The subsequent imprisonment and torture (both physical and mental) of Sally forms the film's most harrowing passage. One of the joys of the better 70s horrors was the way the left audiences not knowing how they should react to the events being played out before them. Laugh, cry, vomit, scream of just flee? All are certainly options here, and the torture pf Sally is usually the point where most audiences are left floundering - it's perversely both hysterically funny and almost unbearably cruel and it's this dichotomy that makes films like Chain Saw Massacre so deeply unsettling.

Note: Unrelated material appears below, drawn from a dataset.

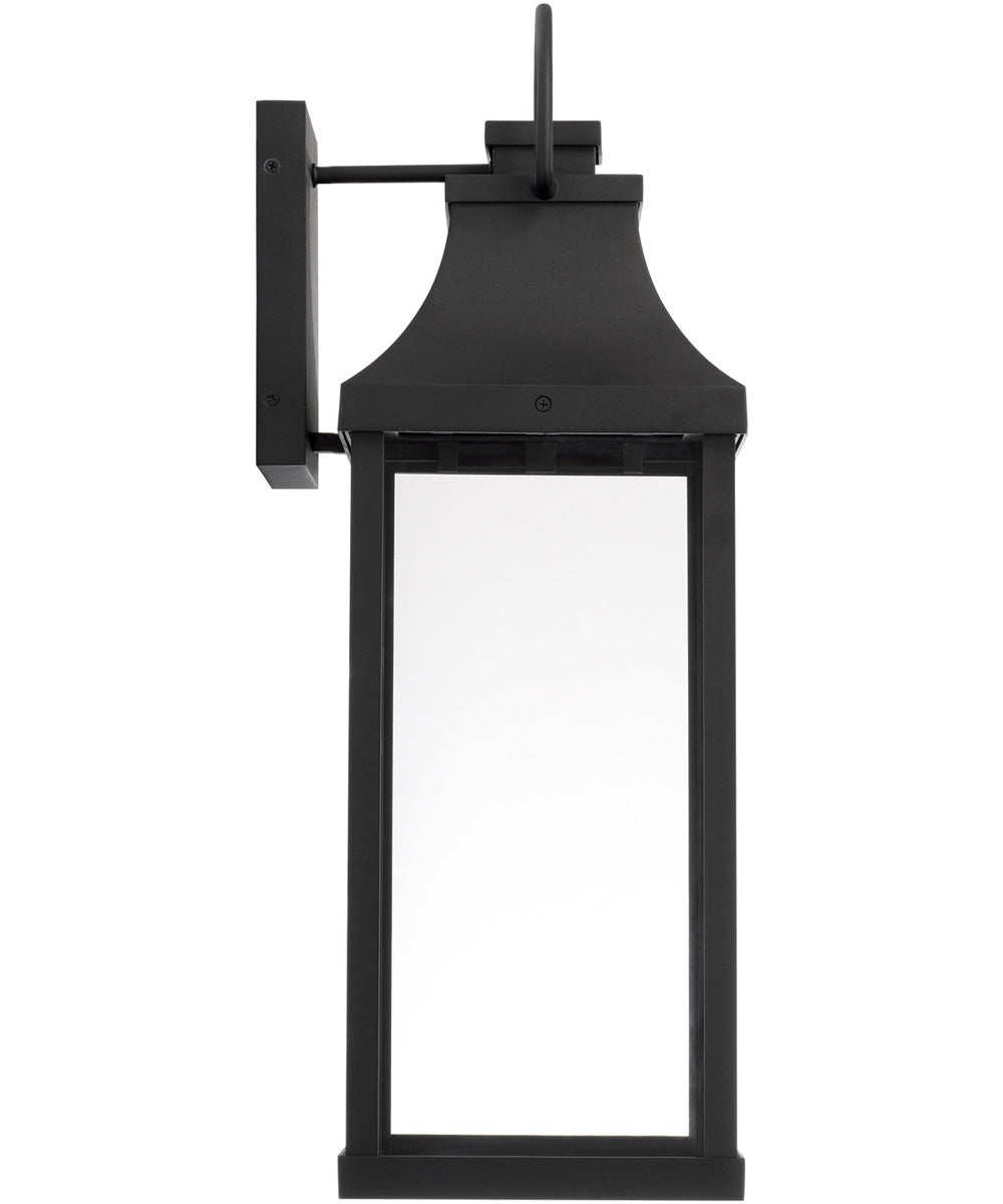 The Bradford 1-Light Outdoor Wall Lantern is a stunning blend of transitional and modern design elements. Its bold lines and oversized ring create an eye-catching silhouette that enhances the aesthetic appeal of any home's exterior. The sleek black finish adds a touch of sophistication, making it a versatile addition to various architectural styles. The lantern's rectangular shape, combined with its clean, straight edges, provides a contemporary look while maintaining a timeless charm.

Rumour has it that much of this footage was filmed in one exhausting 48 hour session, as the film's already meager budget dwindled away to nothing. The harsh, primitive conditions under which the film was shot and the intensity of the performances become painfully evident on Burns' face as the torture and humiliation scenes progress. Her performance throughout these scenes is exhausting to watch and the rumour mill insisted that she was forced to work until she dropped in Hooper's obsessive drive to complete the film. Certainly her portrayal of a woman on the edge of total physical and mental collapse is harrowing stuff and often seem painfully realistic. Hooper employs a series of stylistic tricks to heighten the agony, including a stunning series of rapid fire close-ups of Sally's terrified eyes, the visuals underpinned by strange screeching noises on the soundtrack.

Technically, the film is full of such triumphs; Hooper's camerawork is fluid and confident and his inventive use of light and shade, particularly in the sequences set at dusk and dawn, is gloomily atmospheric. Coupled with creative, razor sharp editing and a bizarre musique concrete score it results in a film that can certainly live up to Hooper's claim for it to be "...a roller coaster ride." Indeed words like 'kinetic', 'relentless' and 'unremitting' have all been thrown around with abandon by those seeking to review the film, and with plenty of justification.

But equally impressive are the film's often overlooked quieter, subtler moments. The looming close up of Leatherface, for instance, just after Jerry's death. What's going on behind that mask? How much of the human Leatherface remains? And just how long has this family been terrorising the Texan outback? The implication - the 'car's graveyard' sequence gives some indication of the scale of their atrocities - is that the Hardesty's and their friends are not the first victims of the deranged family, just the latest in a long line of unwary travelers to fall foul of Leatherface's roaring chainsaw.

A lot has been said and written about The Texas Chain Saw Massacre, more perhaps than any other exploitation film from the 1970s. Critics have taken it more seriously than most of its kind (and, one can't help but think, more seriously than Hooper intended), suggesting that the film is - a comment on mass unemployment in 70s America; a redefining of American folklore (Leatherface has frequently been likened to James Fenemore's heroic pioneersman Leatherstocking, Hooper's creation being the modern, corrupted antithesis of Fenemore's character); and even as a metaphor for contemporary sexual politics. All of these readings (and more) can be accommodated within the framework of Hooper and Henkel's script, but for many it remains the reductio ad absurdum of the 'woman in jeopardy' film, one that takes the established conventions of the horror genre to their limits and, in doing so, redefines the genre. Without The Texas Chain Saw Massacre it's impossible to imagine The Hills Have Eyes (1977), Halloween (1978) or Friday the 13th (1980) ever getting made at all. It remains a hugely influential and deeply unsettling film, one that it's director has found hard to top - that Hooper's career went into such a horrible nosedive less than a decade later is a matter of considerable regret.